### Information shown:
------------------------------------------------------------------------

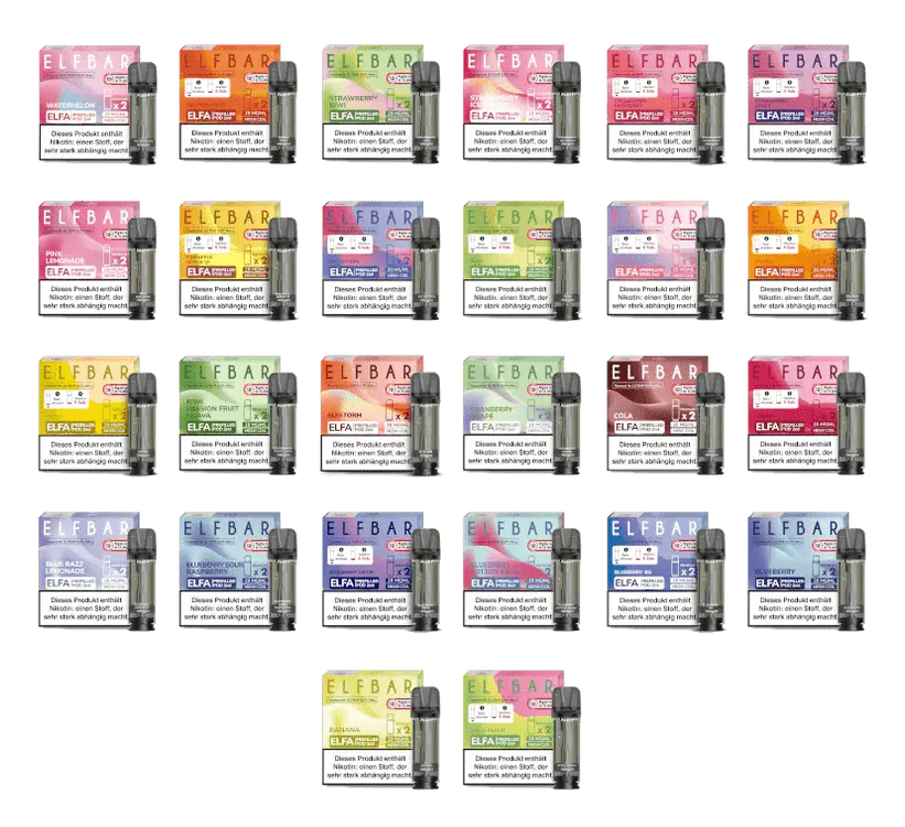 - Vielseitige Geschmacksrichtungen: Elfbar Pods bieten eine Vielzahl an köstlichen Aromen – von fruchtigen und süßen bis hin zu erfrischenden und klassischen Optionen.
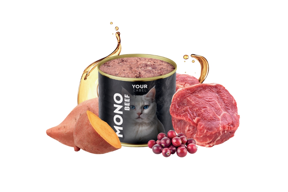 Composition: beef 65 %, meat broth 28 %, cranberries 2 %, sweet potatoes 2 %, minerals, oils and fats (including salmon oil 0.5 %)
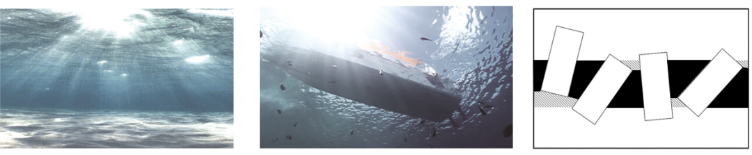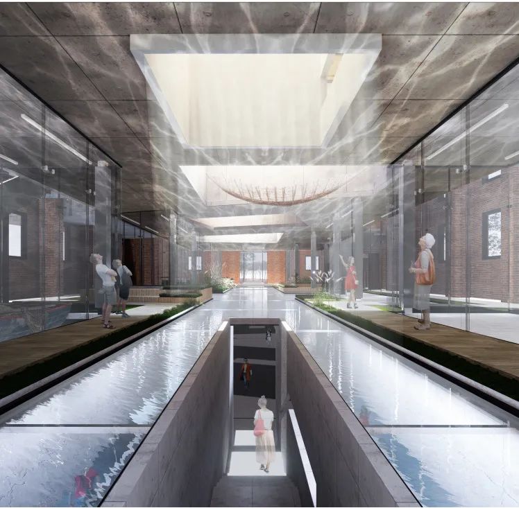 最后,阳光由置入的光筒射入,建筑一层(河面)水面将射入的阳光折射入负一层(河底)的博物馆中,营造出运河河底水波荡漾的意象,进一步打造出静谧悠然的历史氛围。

------------------------------------------------------------------------

### Task to complete:
Restate the material above exactly. Exclude all pictures.

### Response area:
 - Vielseitige Geschmacksrichtungen: Elfbar Pods bieten eine Vielzahl an köstlichen Aromen – von fruchtigen und süßen bis hin zu erfrischenden und klassischen Optionen.
 Composition: beef 65 %, meat broth 28 %, cranberries 2 %, sweet potatoes 2 %, minerals, oils and fats (including salmon oil 0.5 %)
 最后,阳光由置入的光筒射入,建筑一层(河面)水面将射入的阳光折射入负一层(河底)的博物馆中,营造出运河河底水波荡漾的意象,进一步打造出静谧悠然的历史氛围。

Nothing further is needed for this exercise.